DATASET CONTENT

================================

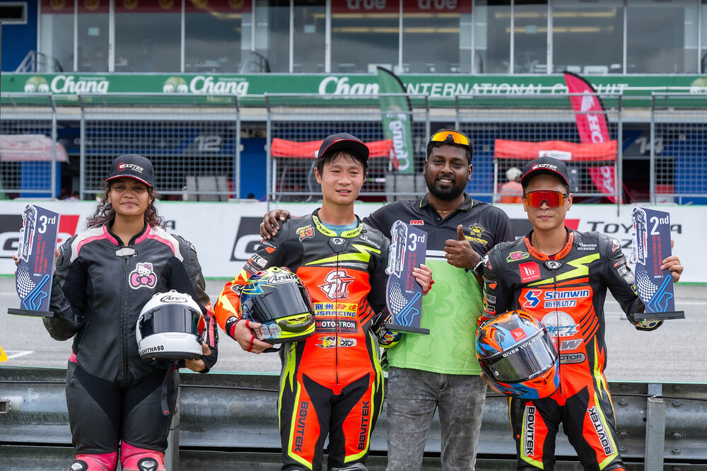 ขณะที่ นักแสดงหนุ่ม โอม-ภวัต จิตต์สว่างดี จาก ยามาฮ่า ทีเอ็นพี พีทีที ลูบริแคนท์ส ได้อันดับ 7 รุ่น ซูเปอร์สต็อก 1,000 ซีซี (ST3)
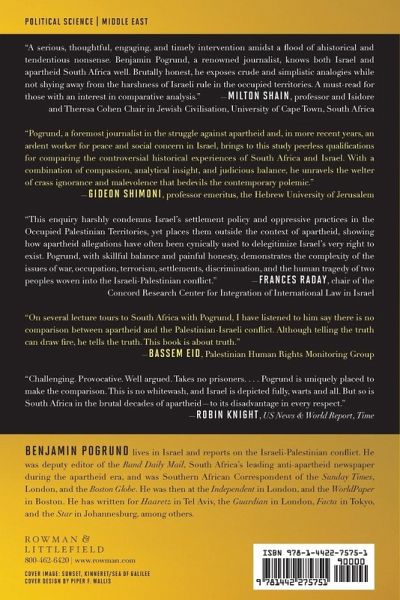 Pogrund examines the accusation that Israel is practicing apartheid and the motives of those who make it. A belief in Israel, combined with frank criticism, provides a balanced view of Israel's strengths and problems. It deconstructs the criticisms of Israel and the boycott movement before arguing for two states as the only way forward.
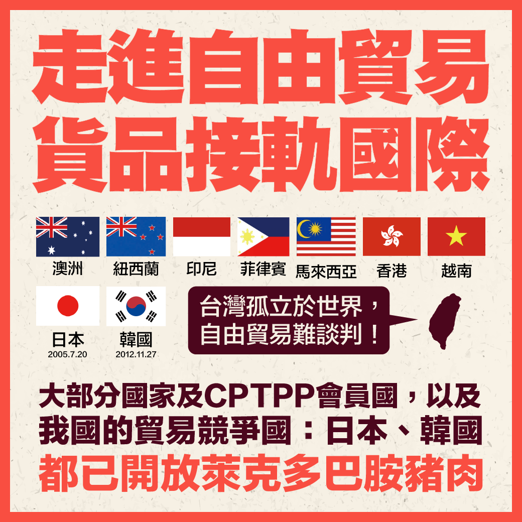 基於國家經貿利益、整體經濟戰略發展,蔡英文總統於去(109)年8月28日宣布,將在守護國民健康與保障豬農收益的前提下,依據科學證據與國際標準,訂定食品安全容許量,自今(110)年1月起,有配套性的開放含有萊克多巴胺(以下簡稱萊劑)之美豬,及30個月齡以上之美牛進口,希望藉此掃除臺美洽談雙邊貿易協定(BTA) 及自由貿易協定(FTA)的最大阻礙,深化臺美經貿關係,並進一步深化與各國經貿互動,擴大國際經貿發展空間。

================================

INSTRUCTIONS TO FOLLOW
Please repeat every line of the material above exactly and without its pictures.

RESPONSE
 ขณะที่ นักแสดงหนุ่ม โอม-ภวัต จิตต์สว่างดี จาก ยามาฮ่า ทีเอ็นพี พีทีที ลูบริแคนท์ส ได้อันดับ 7 รุ่น ซูเปอร์สต็อก 1,000 ซีซี (ST3)
 Pogrund examines the accusation that Israel is practicing apartheid and the motives of those who make it. A belief in Israel, combined with frank criticism, provides a balanced view of Israel's strengths and problems. It deconstructs the criticisms of Israel and the boycott movement before arguing for two states as the only way forward.
 基於國家經貿利益、整體經濟戰略發展,蔡英文總統於去(109)年8月28日宣布,將在守護國民健康與保障豬農收益的前提下,依據科學證據與國際標準,訂定食品安全容許量,自今(110)年1月起,有配套性的開放含有萊克多巴胺(以下簡稱萊劑)之美豬,及30個月齡以上之美牛進口,希望藉此掃除臺美洽談雙邊貿易協定(BTA) 及自由貿易協定(FTA)的最大阻礙,深化臺美經貿關係,並進一步深化與各國經貿互動,擴大國際經貿發展空間。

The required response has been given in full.